We have the given number $N = \sum_{n=1}^{9} d_n * 10^{9-n} $.
Now replacing $d_i$ by $e_i$ we get $N + (e_i - d_i) * 10^{9-i} \equiv 0 \pmod 7 \cdots (1)$ for each i from 1 to 9.

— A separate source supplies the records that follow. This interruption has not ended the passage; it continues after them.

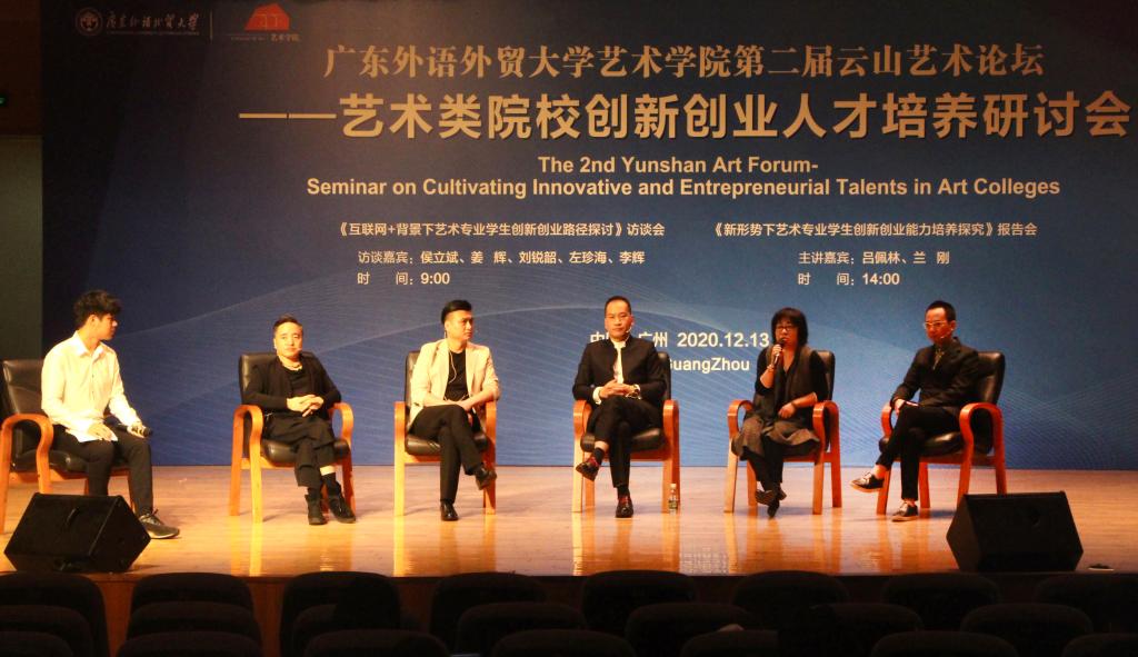 本届论坛以创新创业人才培养为主题,邀请了多名艺术行业翘楚精英齐聚广外。研讨会分两个阶段进行:上午为《互联网+背景下艺术专业学生创新创业路径探讨》访谈会,由侯立斌(北京设技桥教育科技研究院院长、泰国格乐大学艺术教育研究中心执行主任)、李辉(内蒙古设技桥教育科技研究院院长)、左珍海(贵州设技桥教育科技研究院院长、贵州得一设计集团董事长)、姜辉(广州集美室内设计工程有限公司总经理)、刘锐韶(广东锐美集思设计股份有限公董事长)五位专家担任访谈嘉宾,下午为《新形势下艺术专业学生创新创业能力培养探究》报告会,由吕佩林(中国管理科学研究院城市发展战略研究所常务副所长)、兰刚(广州金信子文化传播有限公司董事、总经理)担任主讲嘉宾。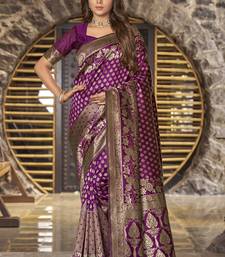 Wine copper soft silk blend banarasi jacuard work designer party wear saree with unstitched blouse piece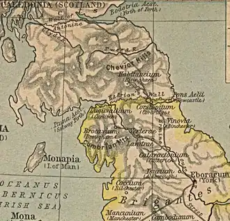 Conquests by Anglian invaders led to the establishment of the kingdoms of Deira and Bernicia. The first Anglian settlement was effected in 547 by Ida, who, accompanied by his six sons, pushed through the narrow strip of territory between the Cheviots and the sea, and set up a fortress at Bamburgh, which became the royal seat of the Bernician kings. About the end of the 6th century Bernicia was first united with the rival kingdom of Deira under the rule of Æthelfrith of Northumbria, and the district between the Humber and the Forth became known as the kingdom of Northumbria.[14]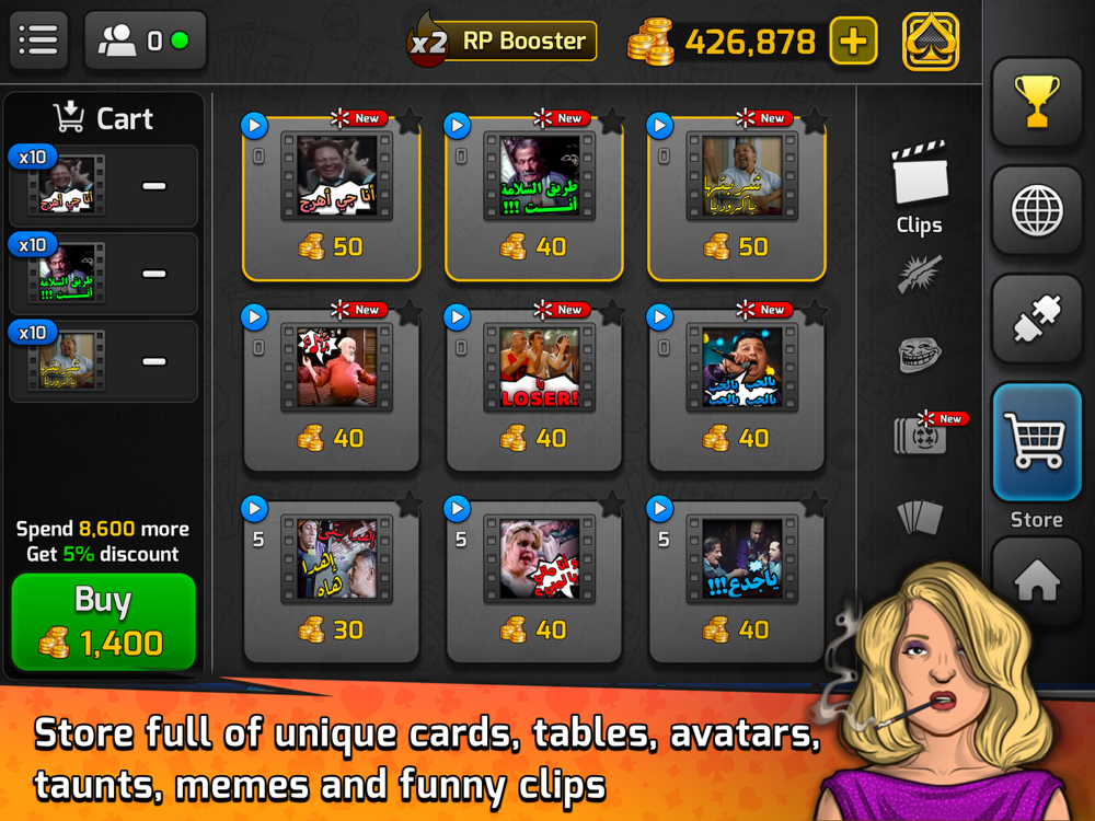 - Buy and collect a variety of creative card decks and backgrounds from the in-game store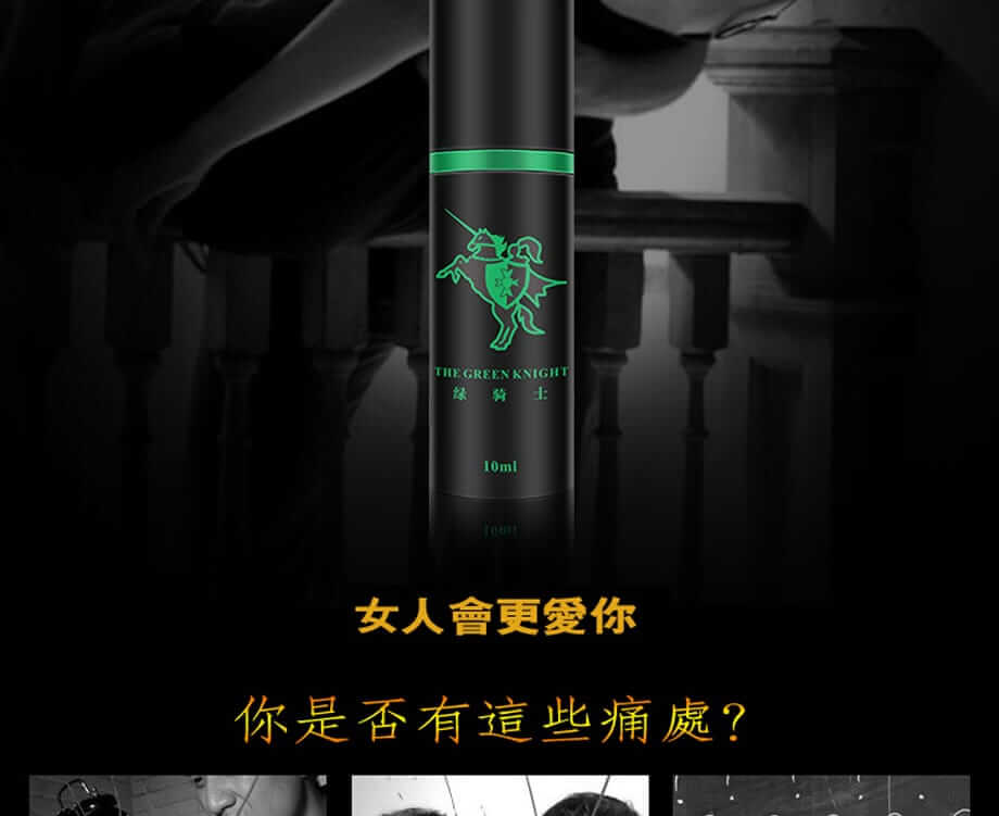 法國綠騎士持久液,針對男性早洩問題而開發的持久產品,性愛時間太短,力不從心草草了事的解決了 讓愛人達不到高潮,綠騎士專為男性設計研發,精選植物精華,吸收快,效果強勁,噴一噴激發性欲,給她愛的時間久一些 也多一些享受,重振男人雄風。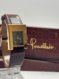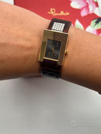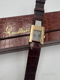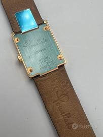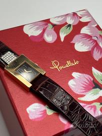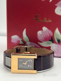 Meraviglioso orologio Pomellato Stress in oro giallo massiccio 18 carati, c9n 25 disnanti naturali taglio brillante per 0.75 ct e quadrante rettangolare grigio, movimento automatico, cinturino in vera pelle, diametro cassa 25x20 mm, anni 2000 circa. cinturino Pomellarto vera pelle coccodrillo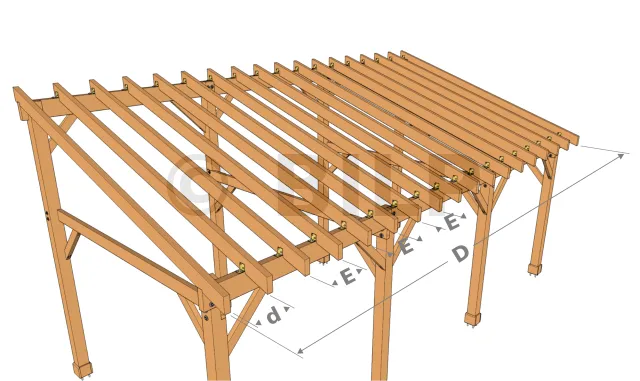- E : Praktischer Abstand zwischen zwei aufeinander folgenden Dachsparren,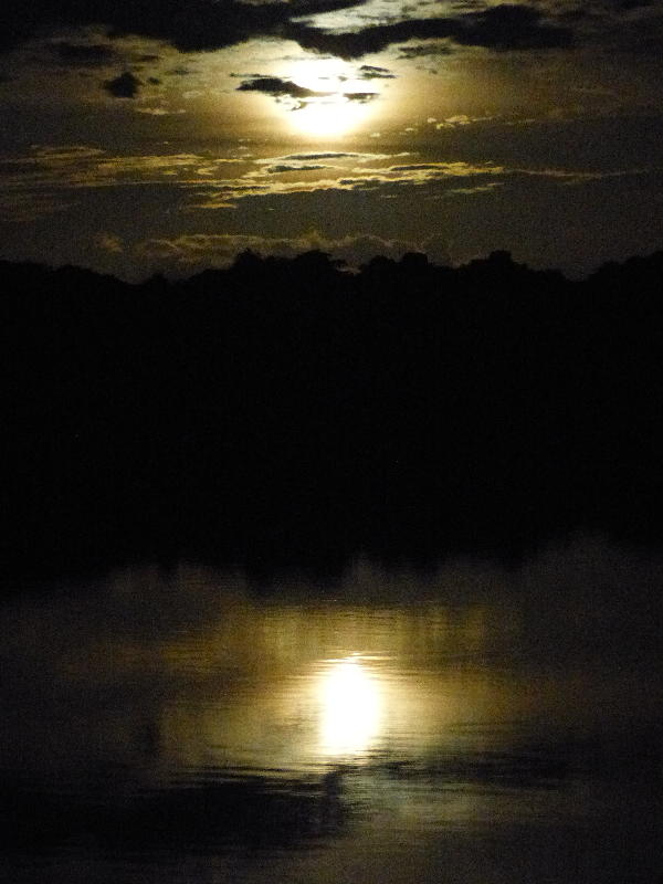 Wir geniessen erst einen stimmungsvollen Sonnenuntergang und dann nachts die Spiegelung des Vollmonds im Wasser.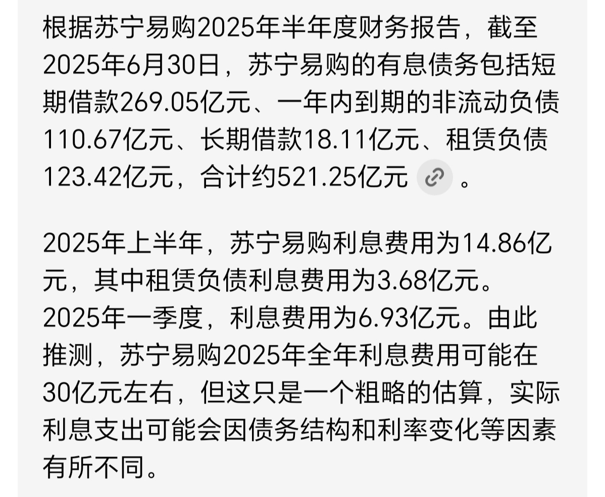 $ST易购(SZ002024)$ 这借的高利贷吗?500亿欠债一年要30亿利息!由此推断李松强这几年的利息都亏了三四亿!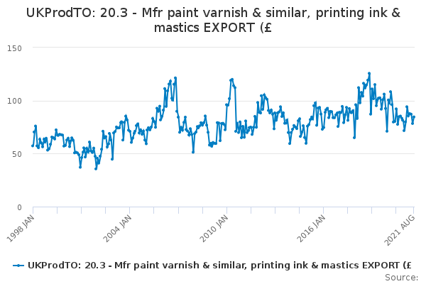 Download this time seriesUKProdTO: 20.3 - Mfr paint varnish & similar, printing ink & mastics EXPORT (£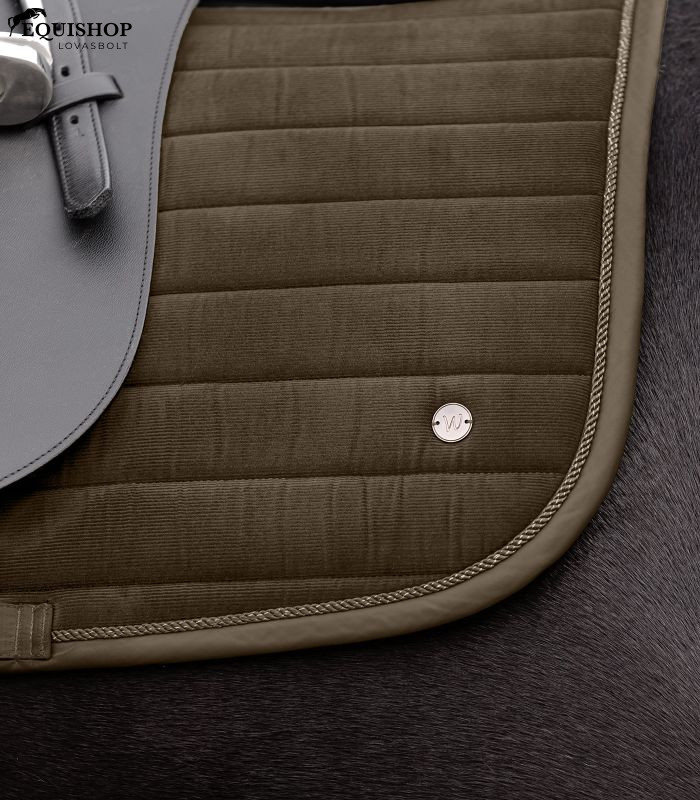 A St. Gallen nyeregalátét stílusos megjelenést kölcsönöz kordbársony anyagának köszönhetően. Csillogó zsinórral és antracit színű fémlemezzel van ellátva. A nyeregalátét belseje optimális légáteresztő képességet biztosít. Választhat egy- vagy osztott hevederpántok közül. A 10 mm-es habszivacs és a 300 g/m²-es vatta kiváló nyomáseloszlást biztosít. Levehető tépőzáras pántokkal rendelkezik.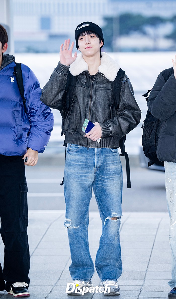 백준혁은 레더 재킷과 데님팬츠로 공항패션을 연출했다. 잘생긴 비주얼이 돋보였다.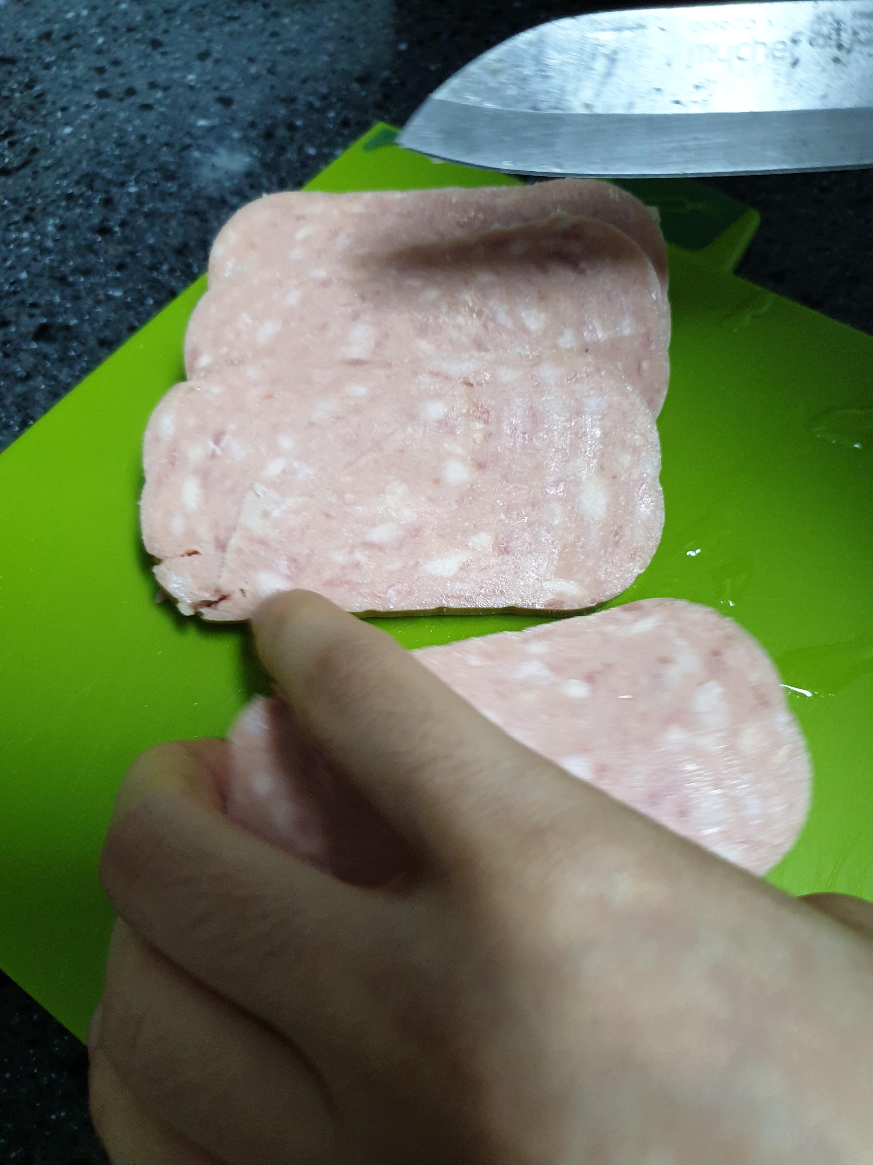 런천미트(190g)를 꺼내서 먹기 좋은 크기로 사진과 같이 썰어줍니다. 런천미트는 약 100g만 사용하면 충분합니다. 나머지는 랩에 잘 보관하여 냉동실에 얼려주도록 하세요 ㅎㅎ 다음 요리를 위해서 말이죠!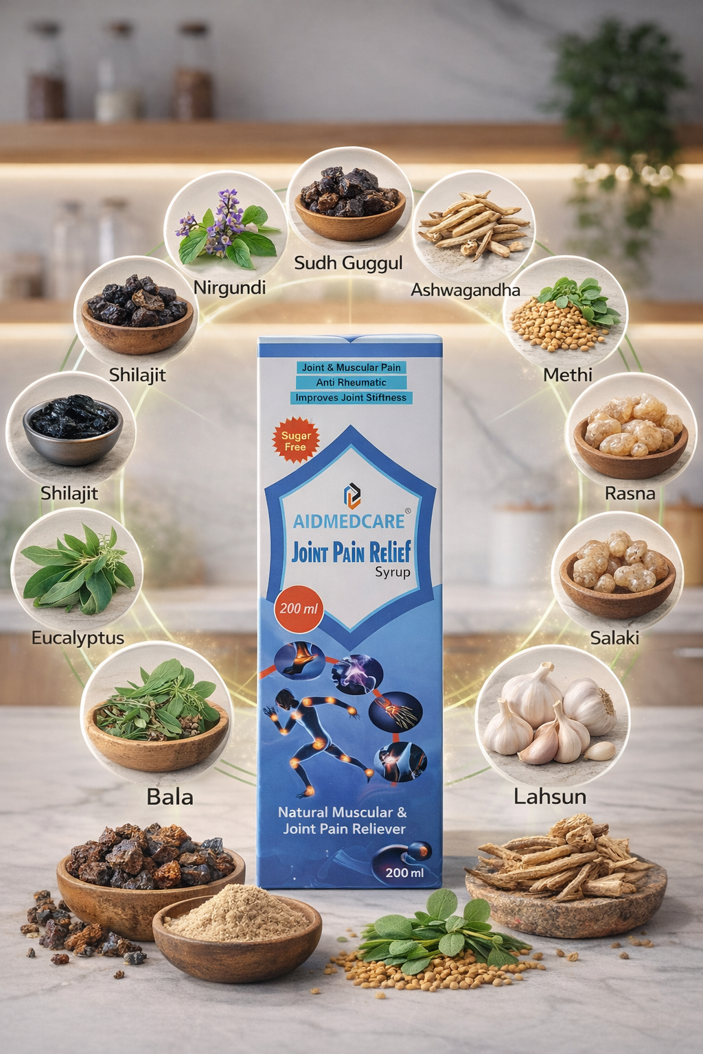 Nirgundi, Sudh Guggal, Ashwagandha, Bala, Eucalyptus, Lahsun, Salaki, and other proven ingredients.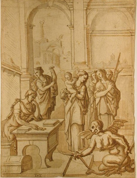 In een klassiek aandoende omgeving, zit aan een bureau in een grote kamer, een man met zijn rechterhand geld tellend. Op de voorgrond rechts een duivels figuur met drakepoten en -staart. In zijn linkerklauw een pijl, in zijn rechter een boog, zijn hoofd heeft iets weg van een doodskop. Voor het bureau vier vrouwen, gekleed in tunica's, in bange afwachting. Op de achtergrond een tekst: "Ende dan pratiseert hij hoe hij die nue wel bestelden mach/om sijn rekeninge te maeken, en erst geboene hope ende lieffde/die ontrent hem staan, ter weijlen die doot wach naer det het/kindeken euure staen sal".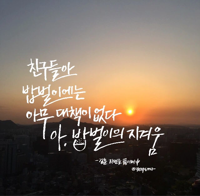 오늘도 비장한 마음으로 출근길을 나선다. 비록 급행열차를 타기 위해 낭만과 자존심과 품위를 버리는 일개 직장인이지만 나 역시 끝내 밥벌이가 목표는 아니다. 달라지는 건 없지만, 끝내 밥벌이가 목표가 아니라는 사실은 밥벌이의 지겨움과 비장함을 넘어 신성함으로 나를 이끈다. 정신승리여도 좋다. 어쨌든 밥벌이가 결국의 목표는 아니기에.

Now let a new number be $\sum_{n=1}^{9} e_n * 10^{9-n}$;
replacing $e_i$ by $f_i$ we get $\sum_{n=1}^{9} e_n * 10^{9-n} + (f_i - e_i) * 10^{9-i} \equiv 0 \pmod 7\cdots(2).$
From (1)
$\sum_{i=1}^{9}( N + (e_i - d_i) * 10^{9-i}) \equiv 0 \pmod 7 $
or
$9N + \sum_{i=1}^{9}(e_i * 10^{9-i}) - \sum_{i=0}^{9}(d_i * 10^{9-i} ) \equiv 0 \pmod 7$
or $9N + \sum_{i=1}^{9}(e_i * 10^{9-i}) - N \equiv 0 \pmod 7 $
or $8N + \sum_{i=1}^{9}(e_i * 10^{9-i}) \equiv 0 \pmod 7 $
or $N + \sum_{i=1}^{9}(e_i * 10^{9-i}) \equiv 0 \pmod 7 \cdots (3)$
(1) , (2) and (3) hold for any specific $i$ as well. Add (1) and (2) and subtract (3) to get
$(f_i - d_i) * 10^{9-i} \equiv 0 \pmod 7$, and as $10^{9-i}$ is not divisible by 7 so $f_i- d_i$ and hence $d_i-f_i$ is divisible by 7.